Manage Your Training
If you’ve read any of my latest work or listened to any of my recent interviews, you know just how important I believe managing a training program is. If you’re not managing your training on a daily, weekly and monthly basis, then you are absolutely not getting the most out of it, period.
With DJ’s training camp, we used BioForce HRV to gauge daily readiness and the weekly and monthly load that his training was imposing on him. During training, we used the Polar T2 system to measure the training load of the different sessions so we knew how to manipulate it based on how well he was recovering and adapting to this program. Of course performance measures were also tracked as well, how much weight he was able to do, how quickly his heart rate was recovering between sets and between rounds, etc.
Aside from these objective measures, we also watched him train, asked how he was feeling and paid attention to the details. This is what coaching is all about and these types of subjective gauges complement what’s found by looking at the hard data. The best coaches will always rely on both and use their intuition and coaching experience along with what the data and the trends in the data are showing.
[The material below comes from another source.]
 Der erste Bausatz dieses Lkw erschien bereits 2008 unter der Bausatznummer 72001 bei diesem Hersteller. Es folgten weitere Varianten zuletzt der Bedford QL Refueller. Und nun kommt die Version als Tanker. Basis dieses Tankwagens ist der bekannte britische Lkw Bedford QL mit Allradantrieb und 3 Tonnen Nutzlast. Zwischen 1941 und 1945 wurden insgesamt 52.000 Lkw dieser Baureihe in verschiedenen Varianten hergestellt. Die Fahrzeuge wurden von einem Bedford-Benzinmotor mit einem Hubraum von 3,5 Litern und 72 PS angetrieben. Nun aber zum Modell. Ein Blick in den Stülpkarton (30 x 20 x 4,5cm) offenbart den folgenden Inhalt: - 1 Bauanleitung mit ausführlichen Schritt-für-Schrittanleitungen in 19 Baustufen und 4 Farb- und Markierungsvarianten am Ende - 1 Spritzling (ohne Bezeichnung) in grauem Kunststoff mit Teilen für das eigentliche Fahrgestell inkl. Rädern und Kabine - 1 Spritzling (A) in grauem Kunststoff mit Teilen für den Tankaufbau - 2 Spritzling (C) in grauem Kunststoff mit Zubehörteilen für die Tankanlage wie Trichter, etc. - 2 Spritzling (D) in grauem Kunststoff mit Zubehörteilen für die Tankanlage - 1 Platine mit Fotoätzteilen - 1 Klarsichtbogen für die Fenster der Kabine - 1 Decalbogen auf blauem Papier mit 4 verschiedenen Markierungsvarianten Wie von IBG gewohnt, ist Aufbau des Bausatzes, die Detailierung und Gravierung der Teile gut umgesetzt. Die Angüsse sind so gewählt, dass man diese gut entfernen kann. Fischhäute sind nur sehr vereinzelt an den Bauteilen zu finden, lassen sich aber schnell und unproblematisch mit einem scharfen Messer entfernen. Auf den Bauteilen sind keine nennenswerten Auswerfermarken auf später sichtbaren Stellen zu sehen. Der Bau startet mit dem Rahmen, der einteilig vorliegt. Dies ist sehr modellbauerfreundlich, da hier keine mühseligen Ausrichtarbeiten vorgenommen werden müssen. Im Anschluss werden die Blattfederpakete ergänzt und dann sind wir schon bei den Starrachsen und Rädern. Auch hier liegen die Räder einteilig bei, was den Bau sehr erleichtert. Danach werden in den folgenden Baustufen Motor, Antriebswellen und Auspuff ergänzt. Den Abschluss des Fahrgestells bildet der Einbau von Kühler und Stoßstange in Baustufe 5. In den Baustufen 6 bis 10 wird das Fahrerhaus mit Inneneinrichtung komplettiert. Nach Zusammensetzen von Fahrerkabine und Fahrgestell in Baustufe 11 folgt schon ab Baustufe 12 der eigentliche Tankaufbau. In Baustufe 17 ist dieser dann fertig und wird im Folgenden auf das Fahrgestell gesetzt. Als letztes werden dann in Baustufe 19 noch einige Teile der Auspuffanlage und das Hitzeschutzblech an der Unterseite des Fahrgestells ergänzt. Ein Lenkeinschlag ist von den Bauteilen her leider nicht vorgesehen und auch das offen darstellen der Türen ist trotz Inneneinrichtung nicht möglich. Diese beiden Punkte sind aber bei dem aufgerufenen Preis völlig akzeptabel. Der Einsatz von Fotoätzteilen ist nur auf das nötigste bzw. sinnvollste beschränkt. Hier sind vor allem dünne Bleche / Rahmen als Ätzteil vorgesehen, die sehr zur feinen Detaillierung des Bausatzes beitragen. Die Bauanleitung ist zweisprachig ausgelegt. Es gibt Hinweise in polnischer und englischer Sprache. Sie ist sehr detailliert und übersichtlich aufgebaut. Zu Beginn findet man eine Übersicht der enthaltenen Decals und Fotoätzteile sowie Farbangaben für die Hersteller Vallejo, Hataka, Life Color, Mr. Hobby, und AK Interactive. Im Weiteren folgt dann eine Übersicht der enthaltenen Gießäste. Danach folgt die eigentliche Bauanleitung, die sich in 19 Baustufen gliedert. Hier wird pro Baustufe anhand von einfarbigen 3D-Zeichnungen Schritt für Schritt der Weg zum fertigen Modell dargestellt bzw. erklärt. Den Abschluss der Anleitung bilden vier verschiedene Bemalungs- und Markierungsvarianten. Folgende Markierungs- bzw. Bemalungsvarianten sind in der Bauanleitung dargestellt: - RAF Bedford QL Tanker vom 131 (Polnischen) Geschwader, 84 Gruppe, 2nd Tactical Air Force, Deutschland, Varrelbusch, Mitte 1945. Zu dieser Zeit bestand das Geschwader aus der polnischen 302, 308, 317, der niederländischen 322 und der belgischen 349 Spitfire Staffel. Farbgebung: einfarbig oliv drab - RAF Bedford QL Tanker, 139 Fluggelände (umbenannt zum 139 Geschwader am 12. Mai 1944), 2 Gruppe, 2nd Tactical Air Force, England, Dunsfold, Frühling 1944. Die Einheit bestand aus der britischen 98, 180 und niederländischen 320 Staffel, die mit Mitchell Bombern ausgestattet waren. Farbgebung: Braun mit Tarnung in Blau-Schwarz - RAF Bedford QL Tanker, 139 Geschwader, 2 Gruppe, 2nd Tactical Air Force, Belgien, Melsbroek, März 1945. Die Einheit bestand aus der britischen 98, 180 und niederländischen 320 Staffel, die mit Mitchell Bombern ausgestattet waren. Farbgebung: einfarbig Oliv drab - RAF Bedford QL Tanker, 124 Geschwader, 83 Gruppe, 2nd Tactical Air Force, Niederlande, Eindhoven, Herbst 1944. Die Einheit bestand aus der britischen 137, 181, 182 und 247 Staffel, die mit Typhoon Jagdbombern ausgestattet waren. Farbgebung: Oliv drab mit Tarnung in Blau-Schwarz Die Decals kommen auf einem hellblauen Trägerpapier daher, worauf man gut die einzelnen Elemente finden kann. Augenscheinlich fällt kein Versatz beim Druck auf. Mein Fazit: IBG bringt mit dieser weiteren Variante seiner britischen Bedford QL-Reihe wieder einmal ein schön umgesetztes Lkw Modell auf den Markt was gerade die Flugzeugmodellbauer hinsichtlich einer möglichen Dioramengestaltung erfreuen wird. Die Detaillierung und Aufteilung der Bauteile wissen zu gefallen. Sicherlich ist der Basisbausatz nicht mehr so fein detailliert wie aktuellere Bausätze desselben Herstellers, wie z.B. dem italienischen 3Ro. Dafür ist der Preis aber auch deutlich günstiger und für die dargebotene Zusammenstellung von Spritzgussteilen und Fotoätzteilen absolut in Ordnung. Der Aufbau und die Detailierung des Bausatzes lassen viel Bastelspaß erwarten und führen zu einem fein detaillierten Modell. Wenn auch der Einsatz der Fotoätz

As a result of this monitoring and management, DJ’s overall fitness levels were as high as they’ve ever been and he performed far better at 125lbs than last time. His resting HR was down in the low 50s and his HRV was in the upper 80s, right where we wanted him to be. Using tools like BioForce HRV and Polar’s T2 system were a huge part of managing the entire training process to make sure that he was well prepared for his fight and that we were pushing him as hard as he should be training, not just as hard as he could be training.
Execute & Adjust
Finally, the last major factor that helped DJ get the big win was executing the game plan as he was supposed to and then adjusting as necessary. Even though Matt put together the right game plan and DJ went out and did the things he was trained to do, there were still in-fight adjustments that needed to be made. Matt saw opportunities based on what McCall was and wasn’t doing and he saw mistakes that DJ was making that he needed to stop making.
If you watched the fight you could hear some of what Matt was telling DJ between rounds, but throughout the fight Matt was giving instructions to DJ as well. Regardless of how perfect the game plan may be, there are almost always adjustments that can be made once you put it into effect.
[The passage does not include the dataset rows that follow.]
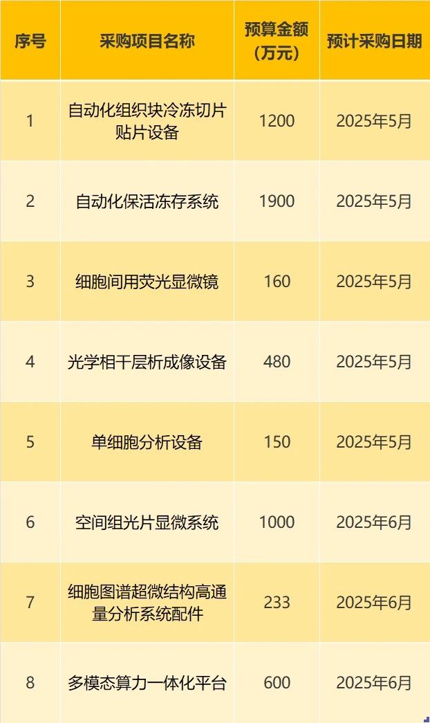 此次的采購計劃包括自動化組織塊冷凍切片貼片設備、自動化保活凍存系統、光學相干層析成像設備、單細胞分析設備等。這些設備主要用于組織樣品的冷凍切片、保活凍存、細胞觀察與分析、三維結構成像、單細胞轉錄組學數據獲取以及細胞超微結構研究等方面。
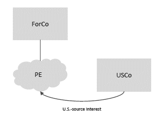 Take, for example, a treaty-eligible company resident outside the United States (ForCo) that sets up a PE in a third country that receives interest payments from a U.S. corporation (USCo).
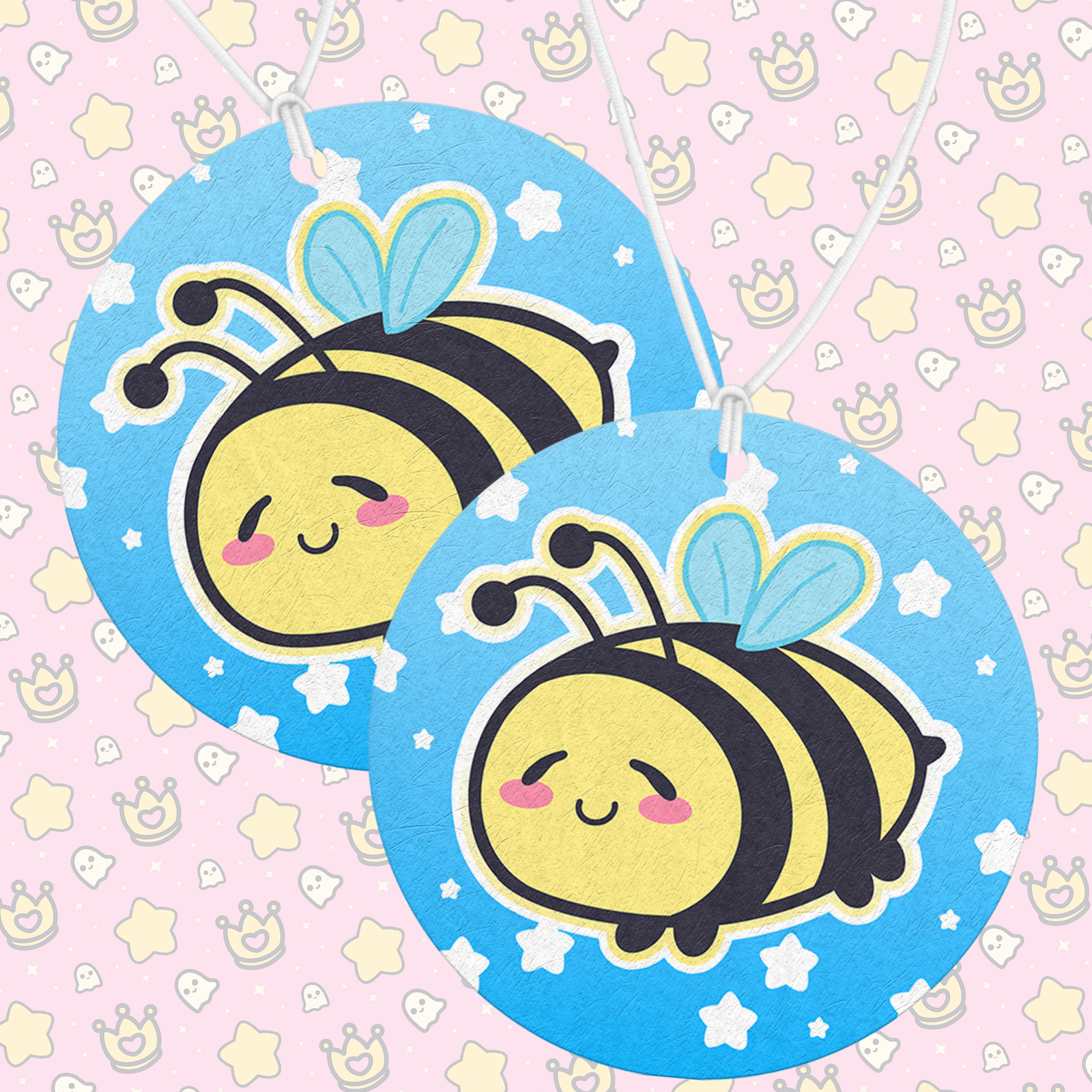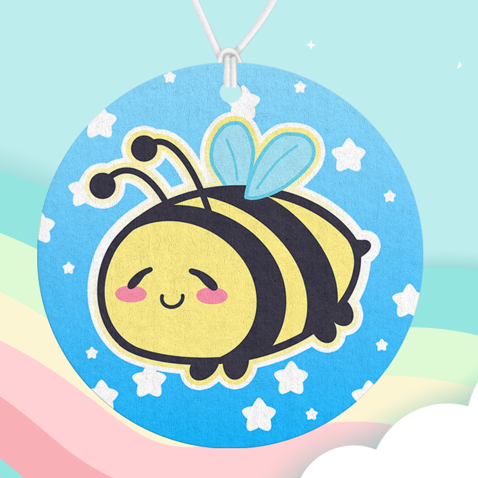 A tiny sleepy bee drifting through the sky—soft, simple, and made to bring a little calm wherever you go.

This is exactly the same as with training itself. Even though you might come up with what you think is the perfect program, you never really know how someone is going to respond to it until they actually start doing it. From there, adjustments are made as necessary to make sure the program is having the desired effect and fitness is improving the way that it needs to be.
Whether it’s the competition itself of the training, executing the plan and then adjusting as necessary is one of the real keys to getting the most out of it. Most often the adjustments are small, but you shouldn’t be afraid to make whatever changes necessary.
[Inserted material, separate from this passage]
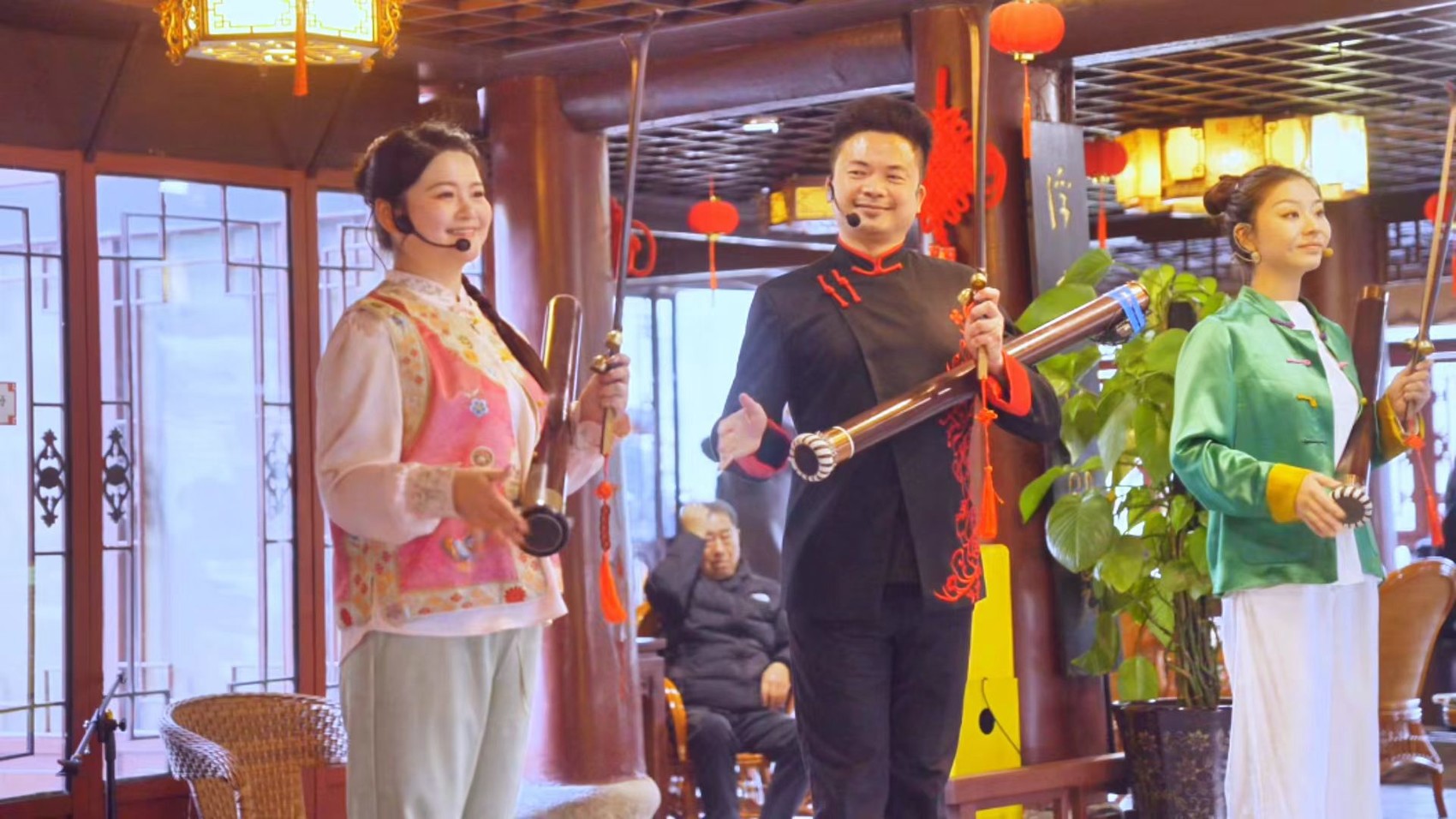不远处的王爷庙则传来阵阵悠扬的曲乐。曲艺打击乐《燊海传奇》气势磅礴,敲响了=千年盐都的豪迈;曲艺串烧《盐韵芳华》婉转悠扬,尽显本土风情。盘子《春风送暖》清脆悦耳,竹琴《寻味》韵味悠长——传统曲艺在古戏台上轮番上演,台下座无虚席,叫好声不绝于耳。

If HRV and other indicators show an athlete is not recovering well even though it may seem like the load isn’t that high, don’t be afraid to reduce the load and/or increase the rest. A training program should be thought of more as a guideline rather than anything set in stone.
Next Up: Title Fight
After DJ’s win against Ian McCall, he’s now in position to fight for the newly created UFC Flyweight world Championship. As you can imagine, we’ll be following this same blueprint when getting ready for that fight as well. There’s no doubt that Benavidez is a particularly tough opponent, he wouldn’t be fighting for the title if he wasn’t, but everyone on DJ’s team will be doing everything possible to make sure he’s as well prepared as he possibly can be when he steps in the Octogon. Win, lose or draw, I know it will be an unbelievable fight and I have no doubt that DJ will give it everything he has and do his best to bring the belt home.